■ About this task ■
Scan the records below for the line with "2.嵌套循环:在一个循环语句再嵌套一个或多个循环,称为嵌套循环" and the line with "型号: A25B11T2 产品内容", and retype that range exactly, both ends included, pictures excepted.

Collection entries
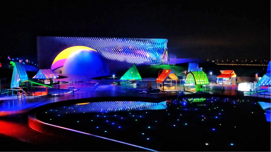 由著名導演王潮歌總構想、總編劇、總導演的《只有愛·戲劇幻城》,引領荷蘭花海核心區(qū)全面升級,建設一個將花卉、創(chuàng)意、愛情等主題創(chuàng)新融合的沉浸式全景演繹戲劇幻城?!吨挥袗邸騽』贸恰窂摹皯騽?”的總體構想出發(fā),將愛情與花海巧妙融合,觀眾觀賞戲劇的同時,也不自覺地成為了戲劇的一部分。《只有愛·戲劇幻城》突破了王潮歌過往創(chuàng)作的邊界,首次推出如月、如心、如花、如歌、如故、如意六大主題劇場,觀影空間將燈光與氛圍、音樂與劇情、表演與景觀完美結合,通過聲、光、電舞臺機械等技術手段,形成多維度的戲劇空間,打破觀眾已有的視覺經(jīng)驗和戲劇體驗;劇場邊近百個炫彩景觀小品屋與劇場相呼應,為游客呈現(xiàn)精彩的愛情戲劇。
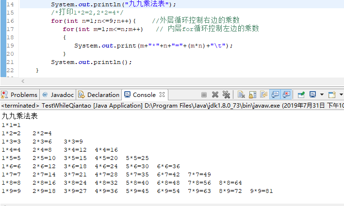 2.嵌套循环:在一个循环语句再嵌套一个或多个循环,称为嵌套循环
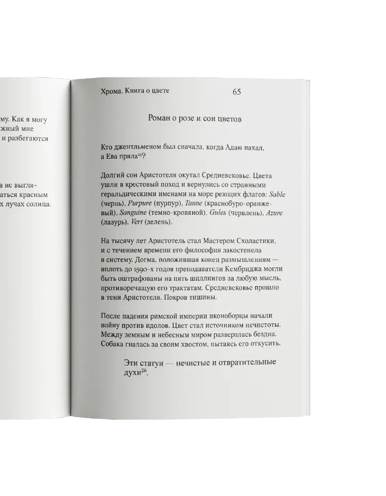 «Хрома. Книга о цвете» — поэтическое исследование цвета в искусстве, литературе и науке, где Дерек Джармен сочетает личные воспоминания с историей и теорией цвета. Книга раскрывает эмоциональное и культурное значение оттенков через призму собственного опыта автора.
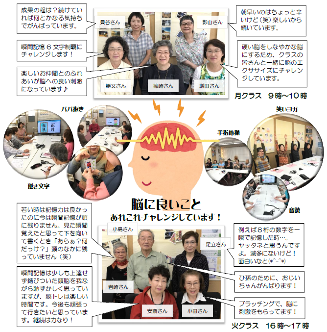 HOME > 受講生の声 > 一緒に脳のストレッチをしませんか? 一緒に脳のストレッチをしませんか? 何もしなければ老化が進むのは必然。何年経っても”今”の脳を保ち続けられるように、さらに”今”よりももっと元気な脳になるために。 とのコンセプトで、脳のストレッチ運動を行うブラッチング講座。 おかげさまで開講1周年を迎えました。今回は、弥生台教室ブラッチングクラスの皆さんと講座お様子をご紹介します。 <担任:明戸> 「あ~り~ば~ど2018年10月号・私の散歩道 より」
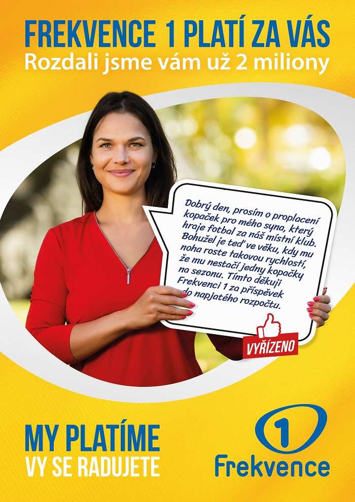 Rádio Frekvence 1 uvedlo novou kampaň. Slogan My platíme – vy se radujete vychází ze soutěže Frekvence 1 platí za vás, v jejímž rámci rádio rozdalo posluchačům odměny za více než 2 miliony korun. Nová kampaň zahrnuje čtyři vizuály s různými zážitky posluchačů. Příběhy vybrané pro kampaň jsou tak inspirovány skutečnými posluchači.
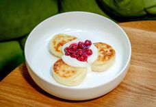 250 г • Блюдо, которое может вернуть вас в детские воспоминания! Классические творожные сырники подаем с вишнёвым конфитюром и сметаной.
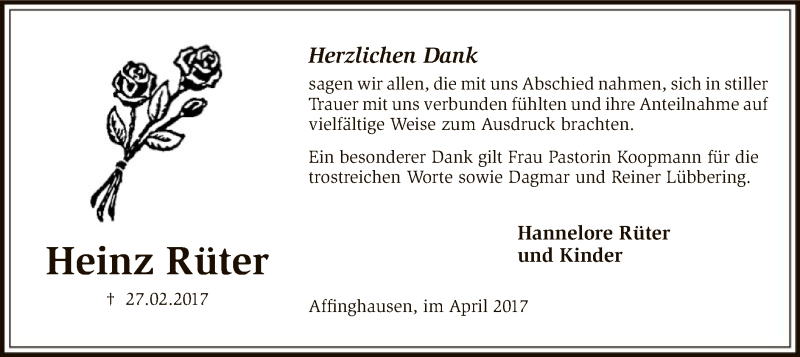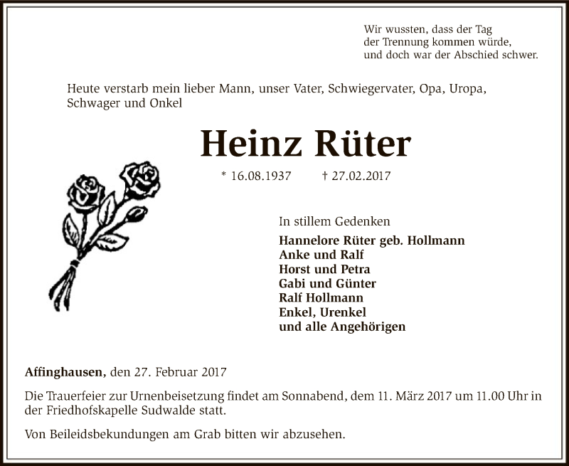 Hier finden Sie alle Traueranzeigen aus der Zeitung, die bisher für Heinz Rüter erschienen sind. Weitere Traueranzeigen, die in der Zeitung erscheinen, werden hier ebenfalls aufgelistet
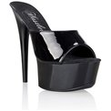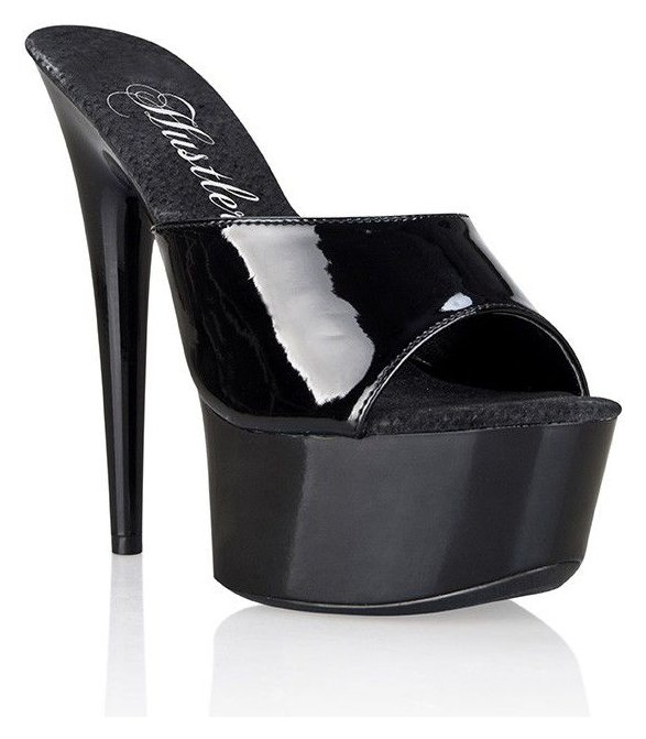 Черные глянцевые сабо с высокой платформой и каблуком-шпилькой. Очень эффектные и крайне удобные для подобной обуви. Высота платформы - 4,5 см, высота каблука - 15 см. В комплекте идет пара запасных набоек.
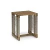 Outdoor teak frame ottoman with all weather wicker fiber on aluminum frame and Sunbrella covered cushions. Stocked in Granite or special order in Cool Grey woven finish.
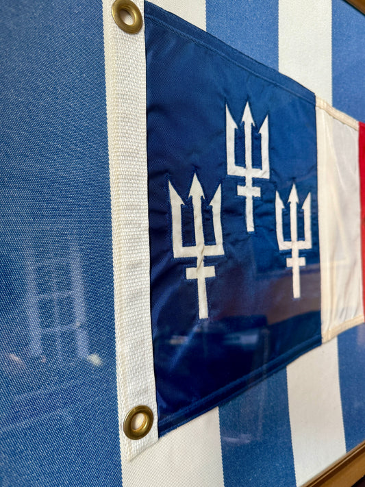 Vintage United States Power Squadron Boston Yacht Club Commander Trident Flag Mounted on Blue Stipes in Gold Frame
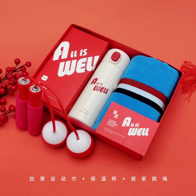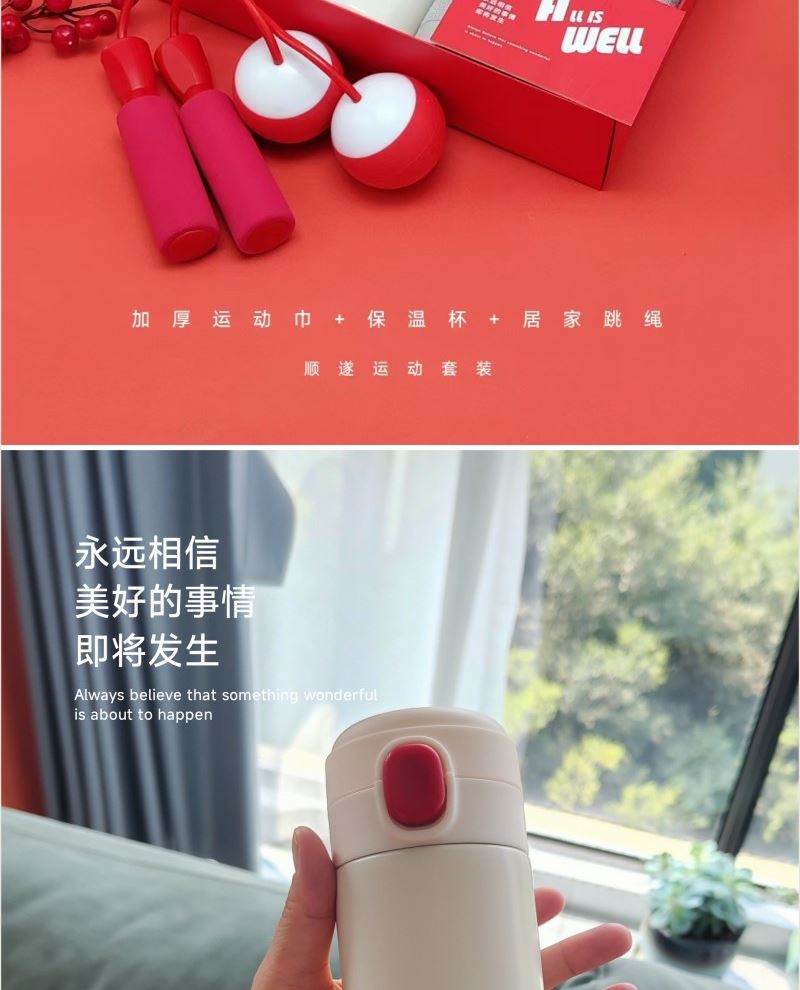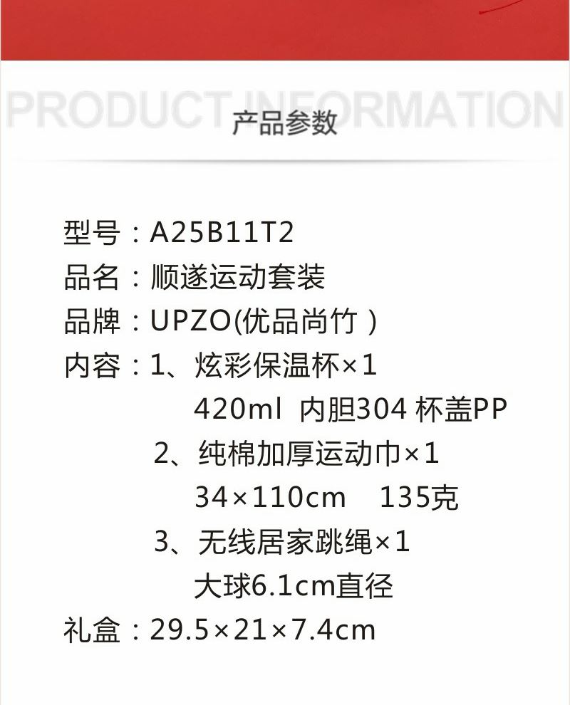 型号: A25B11T2 产品内容 1、纯棉加厚运动巾×1 克重135克 34*110CM 2、无线居家跳绳×1 大球6.1CM 直径 软胶球面设计 3、炫彩保温杯 420毫升容量 内胆304 杯盖PP 外盒:29.5×21×7.4cm 天地盖+拎袋 居家无线跳绳 采用大号球体 软胶设计 模拟真实跳绳感受 420毫升高颜值保温杯 304内胆 精美设计文案 加厚运动巾 采用精梳棉材质 英伦设计风格 加厚设计 大规格 更实用
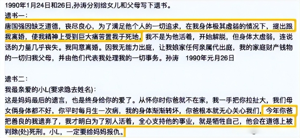 出事以后,家里翻出了两封她留下的信,一封是写给父母的,里面话说得很重,说唐国强不讲良心,在她身体很差的时候还提离婚,让她精神上受了大刺激,还把家里钱物都交给爸妈处理。
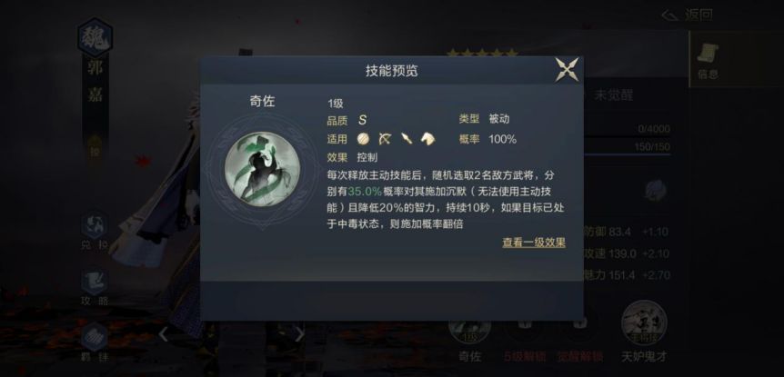 首先控制位郭嘉:在目标有中毒BUFF下沉默概率高达70%,因此配备计略百出,不仅补充毒BUFF还有属性伤害触发庞统连环,还有风罡状态提高陆逊技能判定概率,完美搭配!
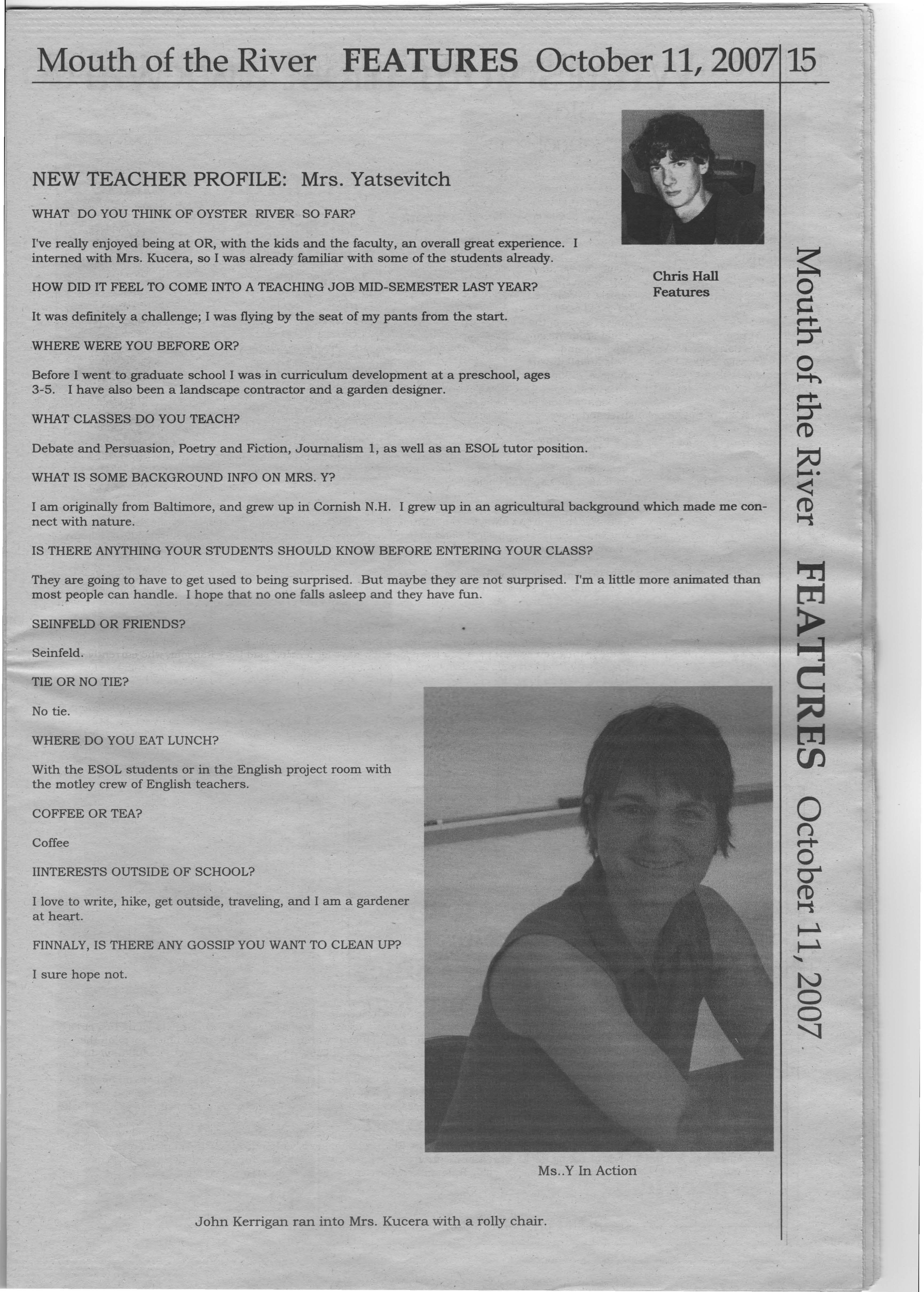 "I love white water kayaking and just being outside in general," said Kim Seamon, one of Oyster River's new guidance counselors. "My favorite place to white water kayak is the Ottawa river in Canada. Sometimes I kayak in the winter when there's still snow on the sidings. It's an automatic ice cream freeze," says Seamon.
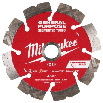 Milwaukee 49-93-9004 4-1/2" DIAMOND MAX Segmented Turbo, General Purpose Diamond Blade $87.99 Original price was: $87.99.$17.48Current price is: $17.48.

■ Answer box ■
 2.嵌套循环:在一个循环语句再嵌套一个或多个循环,称为嵌套循环
 «Хрома. Книга о цвете» — поэтическое исследование цвета в искусстве, литературе и науке, где Дерек Джармен сочетает личные воспоминания с историей и теорией цвета. Книга раскрывает эмоциональное и культурное значение оттенков через призму собственного опыта автора.
 HOME > 受講生の声 > 一緒に脳のストレッチをしませんか? 一緒に脳のストレッチをしませんか? 何もしなければ老化が進むのは必然。何年経っても”今”の脳を保ち続けられるように、さらに”今”よりももっと元気な脳になるために。 とのコンセプトで、脳のストレッチ運動を行うブラッチング講座。 おかげさまで開講1周年を迎えました。今回は、弥生台教室ブラッチングクラスの皆さんと講座お様子をご紹介します。 <担任:明戸> 「あ~り~ば~ど2018年10月号・私の散歩道 より」
 Rádio Frekvence 1 uvedlo novou kampaň. Slogan My platíme – vy se radujete vychází ze soutěže Frekvence 1 platí za vás, v jejímž rámci rádio rozdalo posluchačům odměny za více než 2 miliony korun. Nová kampaň zahrnuje čtyři vizuály s různými zážitky posluchačů. Příběhy vybrané pro kampaň jsou tak inspirovány skutečnými posluchači.
 250 г • Блюдо, которое может вернуть вас в детские воспоминания! Классические творожные сырники подаем с вишнёвым конфитюром и сметаной.
 Hier finden Sie alle Traueranzeigen aus der Zeitung, die bisher für Heinz Rüter erschienen sind. Weitere Traueranzeigen, die in der Zeitung erscheinen, werden hier ebenfalls aufgelistet
 Черные глянцевые сабо с высокой платформой и каблуком-шпилькой. Очень эффектные и крайне удобные для подобной обуви. Высота платформы - 4,5 см, высота каблука - 15 см. В комплекте идет пара запасных набоек.
 Outdoor teak frame ottoman with all weather wicker fiber on aluminum frame and Sunbrella covered cushions. Stocked in Granite or special order in Cool Grey woven finish.
 Vintage United States Power Squadron Boston Yacht Club Commander Trident Flag Mounted on Blue Stipes in Gold Frame
 型号: A25B11T2 产品内容 1、纯棉加厚运动巾×1 克重135克 34*110CM 2、无线居家跳绳×1 大球6.1CM 直径 软胶球面设计 3、炫彩保温杯 420毫升容量 内胆304 杯盖PP 外盒:29.5×21×7.4cm 天地盖+拎袋 居家无线跳绳 采用大号球体 软胶设计 模拟真实跳绳感受 420毫升高颜值保温杯 304内胆 精美设计文案 加厚运动巾 采用精梳棉材质 英伦设计风格 加厚设计 大规格 更实用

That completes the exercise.